[INFORMATION]:
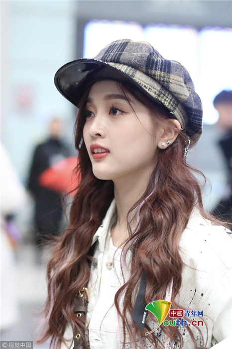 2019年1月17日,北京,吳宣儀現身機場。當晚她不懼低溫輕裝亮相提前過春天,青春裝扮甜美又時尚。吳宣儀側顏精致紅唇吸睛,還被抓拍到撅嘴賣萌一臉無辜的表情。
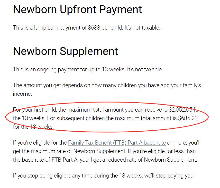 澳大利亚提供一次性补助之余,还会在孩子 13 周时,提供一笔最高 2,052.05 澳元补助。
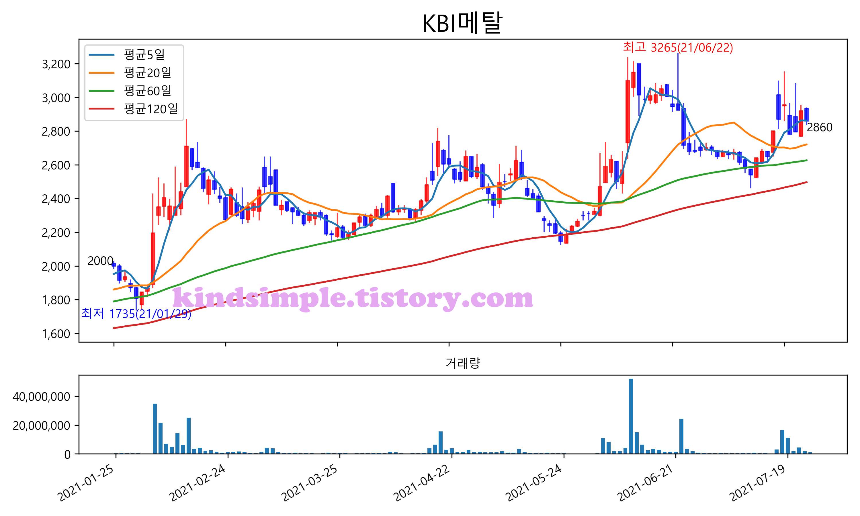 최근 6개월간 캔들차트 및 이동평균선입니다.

==

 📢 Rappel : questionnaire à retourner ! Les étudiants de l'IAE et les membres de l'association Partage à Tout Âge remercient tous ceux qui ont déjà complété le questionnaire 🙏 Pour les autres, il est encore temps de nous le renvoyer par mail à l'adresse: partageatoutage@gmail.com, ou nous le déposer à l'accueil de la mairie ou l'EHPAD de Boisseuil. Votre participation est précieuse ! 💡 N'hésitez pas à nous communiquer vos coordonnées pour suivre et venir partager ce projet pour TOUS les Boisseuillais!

[WORK TASK]: Nothing but the lines above, starting at the line that contains "澳大利亚提供一次性补助之余,还会在孩子 13 周时,提供一笔最高" and ending at the line that contains "최근 6개월간 캔들차트 및 이동평균선입니다.", should be given again, exactly and without the pictures.

[TASK SOLUTION]:
 澳大利亚提供一次性补助之余,还会在孩子 13 周时,提供一笔最高 2,052.05 澳元补助。
 최근 6개월간 캔들차트 및 이동평균선입니다.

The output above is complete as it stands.